“Stephen Curry: Underrated” Producers and Director Say Film Is “a Human Story” Made to Inspire
Stephen Curry is ready to tell his story. On Thursday, the 35-year-old four-time NBA champion premiered his new documentary, “Stephen Curry: Underrated,” during the opening night of the 2023 SFFILM Festival at the Grand Lake Theatre in Oakland, CA. Directed by award-winning filmmaker Peter Nicks and produced by Ryan Coogler, Erick Peyton, and Sean Havey, the film spotlights Curry’s rise from college hopeful to NBA superstar through illuminating footage of his years at Davidson College and his 2021-22 season with the Golden State Warriors.
While Curry himself wasn’t in attendance (he got called in for practice ahead of this weekend’s NBA Playoffs), he made sure to record a special message for attendees. “I am so sorry that I couldn’t be there with you in person, but as you can see, I’m here in our practice facility getting ready for our playoffs,” Curry said in the clip, which played at the documentary’s screening. “I hope that you enjoy this film about our journey, where it all started, and I’m so grateful to Pete Nicks, Ryan Coogler, Erick Peyton, A24, Apple, and my Unanimous family for making it happen.”
And for those who weren’t able to attend the film festival, Curry had some good news to share: “I’m also excited to announce for the very first time that ‘Stephen Curry: Underrated’ will release exclusively on Apple TV+ on July 21, so mark your calendars.”
Speaking to POPSUGAR, Nicks and Peyton say now is the perfect time to tell Curry’s story because it simply hasn’t been done before. “I’ve known SC for a while now, and when we sat down to talk about projects, this was one that was the first version of his origin story that he really wanted to tell,” Peyton explains. “As a producer, those are the stories we’re looking for. It’s a human story that could relate to everybody and we felt like it could even be one that could inspire.”
“There’s a lot of bad news in our social media feeds, all around us, and we need to be reminded of what is possible and he represents that in so many different ways.”
Nicks adds: “I immediately knew that he had something to say that hadn’t been said and that audiences, fans of the Warriors, and Steph didn’t know, so that gave me the confidence to use that as a through line to connect it to what he’s trying to do today, which is win another NBA championship.”
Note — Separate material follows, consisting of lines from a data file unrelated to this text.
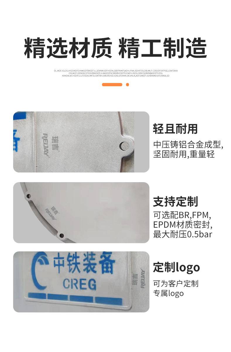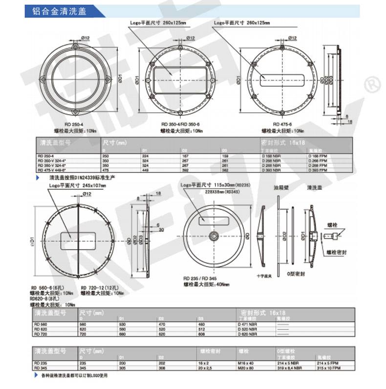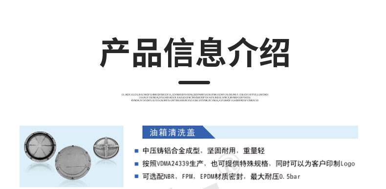 油箱盖又可以叫做清洗盖,液压用的附件之一,瑞吉REIJAY的油箱清洗盖由中压铸铝合金成型,***,重量轻。按照VDMA24339生产,也可提供特殊规格,同时也可以为客户印制LOGO。可选配NBR,FPM,EPDM材质密封,耐压0.5bar。同时也有钢制铝制可选。
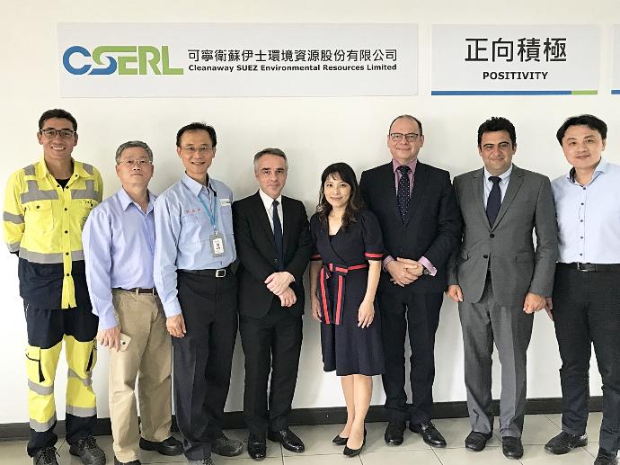 法國在臺協會紀博偉(Benoit GUIDEE)主任偕同經濟處處長陳百德(Alain BERDER)與資深顧問余白(Hubert KILIAN),在4月份透過蘇伊士新創建的牽線,前往高雄大發廠(可寧衛蘇伊士公司)進行與該廠首次的台法交流。藉由廠方的介紹與現場參訪,讓協會代表對台灣現有的有害廢棄物處理技術與整體市場有了進一步的認識。
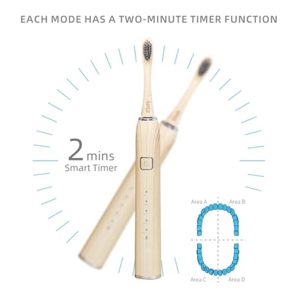 - SMART TIMER - The bamboo electric toothbrush for adult has a 2 minute timer each mode, this function allows you to better plan brushing time.
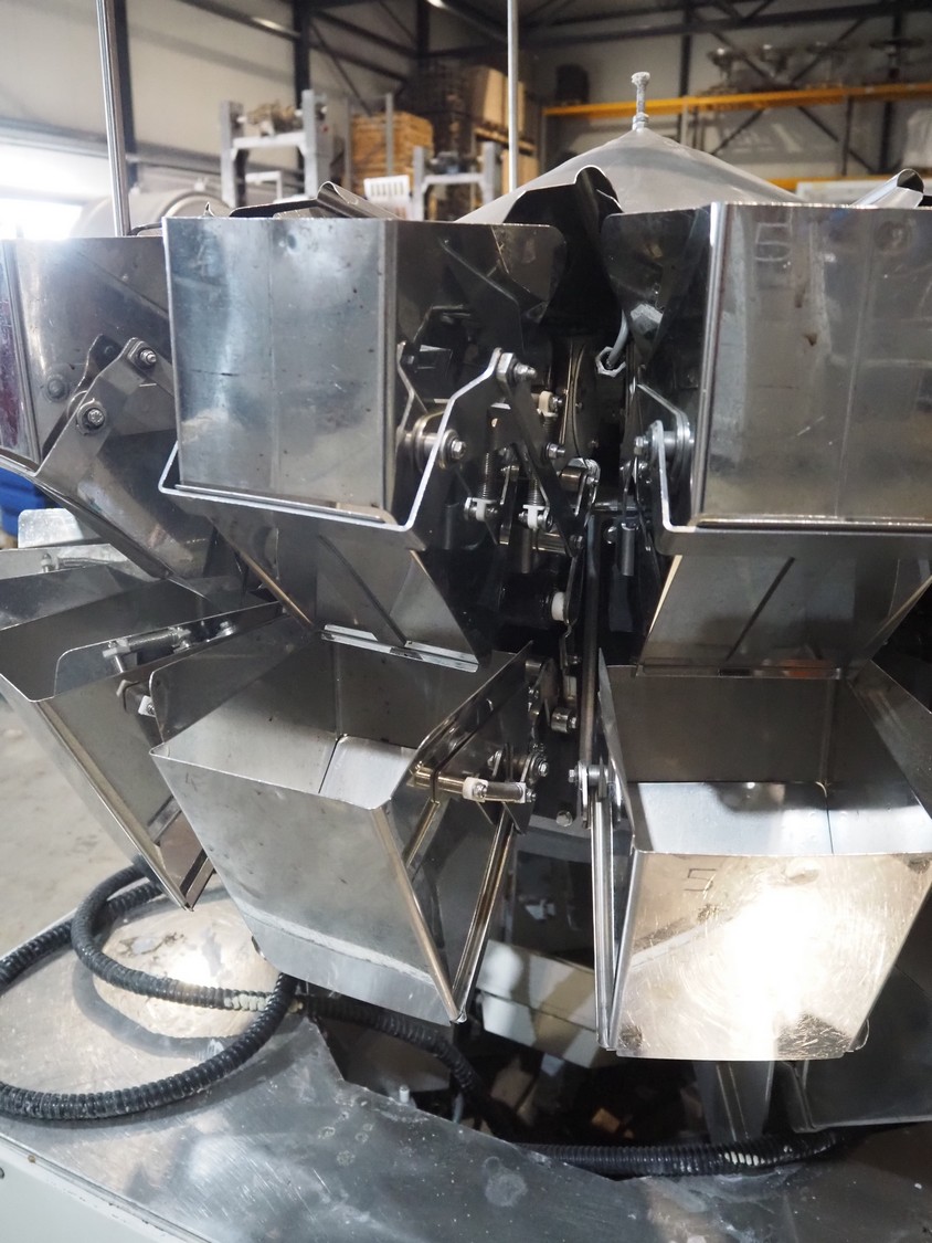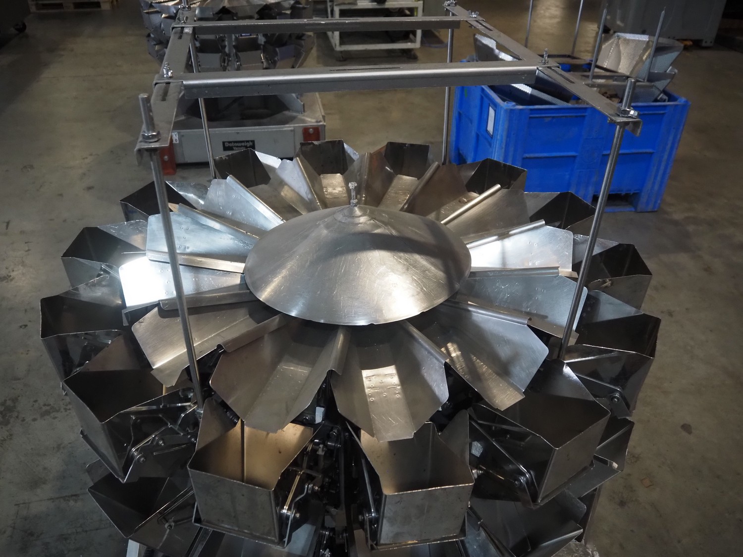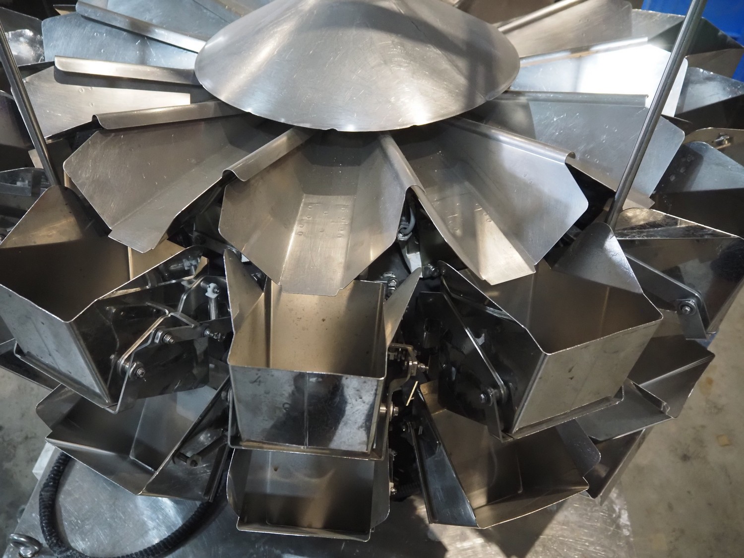 Ishida multihead weigher, 14 heads, model: CCW-Z-214/30, serial number: 9717854, year of construction: 1997, 230 V, 1 Ph, 50 Hz, 7.3 A, weight: 415 kg, dimensions: 1150 mm x 1150 mm x 1700 mm.

In addition to chronicling Curry’s path to superstardom, the documentary also highlights his inspiring journey to graduating college 13 years after leaving for the NBA, sprinkled in with some lighthearted family moments featuring his wife, Ayesha Curry, and three kids, Riley, 10, Ryan, 7, and Canon, 4. Coogler says that when the project was first presented to him by Curry and Peyton’s Unanimous Media company, nobody had any idea that they’d also be documenting Curry breaking the NBA 3-point record back in December 2021. “I think we made something really special,” Coogler says.
Still, what surprised Coogler most from working on the film was witnessing Curry’s close relationship with his college basketball coach, Coach Bob McKillop, and seeing how it molded him not only into the athlete but the person he is today. Coogler explains, “I knew he was close with his father, close with his mom, I knew he had a lot of success with Steve Kerr, but knowing about this other factor in his life and just how close this relationship was, I thought it was just fantastic.”
Even if you’re not a fan of basketball (or Curry, for that matter), “Stephen Curry: Underrated” is a remarkable story that shows the power of overcoming adversity and teaches us that the impossible is possible with hard work and dedication. “[Being] underrated doesn’t necessarily mean that your journey is given. Stephen was really underrated throughout his whole journey, but he used that underrated theme to overcome a lot,” Peyton says.
Nicks adds, “There’s a lot of bad news in our social media feeds, all around us, and we need to be reminded of what is possible and he represents that in so many different ways, not just his athletic achievements but because of the story of his family, the community of Davidson, and the community of Oakland.”